I started to download the Ubuntu installer and aborted when it told me there was over 2 hours remaining. This process will involve downloading many gigabytes of source code and a tremendous amount of compiling. I could kick off the download on my 2Mb home connection, go watch TV, and check in on it periodically, launch the initial build, go to sleep, and hope it finishes overnight. Or I could wait until tomorrow, pack everything up along with my second Surface Pro, go to the rental office and run everything over their 20Mb connection on a second machine.

OR, I could try to go everything on an AWS cloud machine. Let's see how far I get with that...

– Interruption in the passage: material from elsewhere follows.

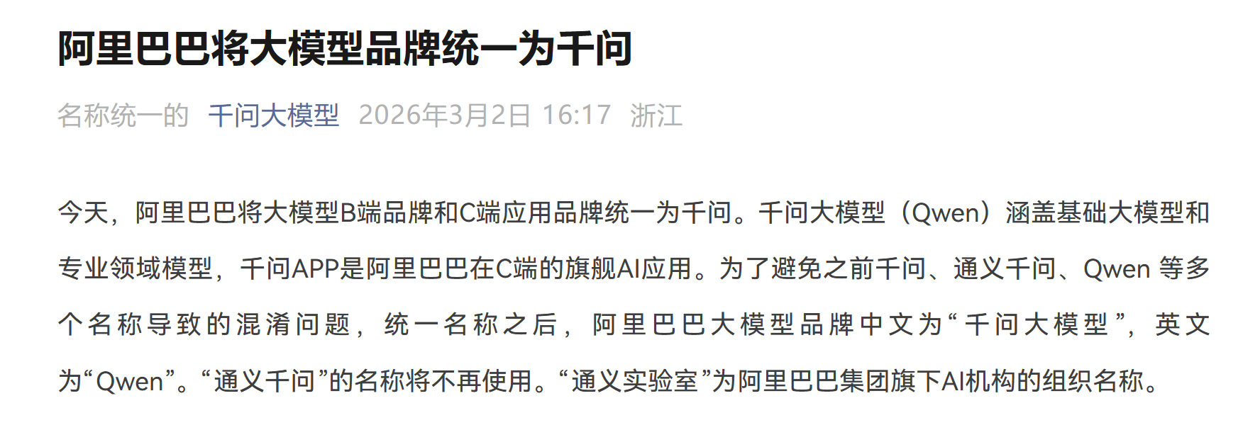 此外,有行业分析认为,阿里巴巴此次统一品牌旨在通过品牌降维与认知聚合,强化其在开源生态与C端市场的领导地位。随着Qwen 3.5体系的完善,这种从技术领先向品牌生态化的转型,或将重塑国内大模型行业的竞争格局。

Launch IE (FireFox works, but IE is easier), open AWS, log into my account, and go to the EC2 page. Click "Launch Instance" and select "Ubuntu Server 14.04 LTS (HVM), SSD." This machine will run on demand, not 24/7, so I can afford to go large with the CPU and memory: C3.2XLarge "Compute Optimized" 8 CPU, 15GB RAM, 2x80GB SSD. This configuration costs (as of Dec 22 2015) $0.478/hour. This new machine will be named "vekolako". I am reusing Tuliny's key pair for access.

Mistake icon

FORESHADOWING...

With a better understanding of the options, if I were to recreate vekolako I would choose the EBS-only storage option. The SSD drives that are included in the instance specification are considered "ephemeral storage" that are recycled into the vast storage pool when the instance is stopped -- any data on them is lost.

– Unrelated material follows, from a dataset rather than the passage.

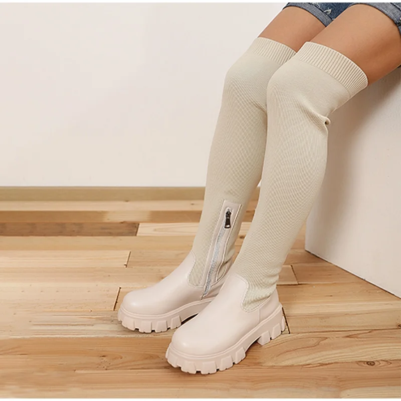 Женские ботфорты MCCKLE, сезон осень 2021, вязаные модные женские сапоги на платформе, сращивающиеся женские сапоги-носки, женские длинные сапоги

There is no point to having more than 8 CPUs, bitbake is capped at 8 parallel tasks.

8GB of RAM is plenty, 16GB is overkill.

Choose the high performance network option, the downloads are so fast they are done in an eye blink.

The ideal machine would probably be the c4.xlarge (us-west-1c) with 4 CPU, 16 ECU?, and 7.5GB RAM for $0.276/hour.

I go to the EC2 dashboard and click "Launch Instance". On the "Step 1: Choose an AMI" page, I select "My AMIs" from the left, and "vekolako1" from the list of my AMIs. Click "Review" and set the security group to sg-1c4d6779 vekolako_sg. Click "Edit Instance Details" and change Subnet to 172.31.16.0/20 (us-west-1c), Enable termination protection, enable monitoring.

The first task after creating a new instance is to create a new user, keeping the default root user unchanged. There are many ways to render an account unusable, and I don't want this to happen to the only user on the system.

The new instance was launched at 8:42pm. I copied the Putty configuration from Tuliny, changed the IP address to 54.153.11.107, and was signed in at 8:45.

ubuntu@ip-172-31-2-231:~$ df Filesystem 1K-blocks Used Available Use% Mounted on /dev/xvda1 8115168 798484 6881408 11% / none 4 0 4 0% /sys/fs/cgroup udev 7695500 12 7695488 1% /dev tmpfs 1540092 336 1539756 1% /run none 5120 0 5120 0% /run/lock none 7700456 0 7700456 0% /run/shm none 102400 0 102400 0% /run/user /dev/xvdb 82427568 57220 78176608 1% /mnt
The rootfs volume is small, 8GB. There is a single 80GB volume already mounted under /mnt.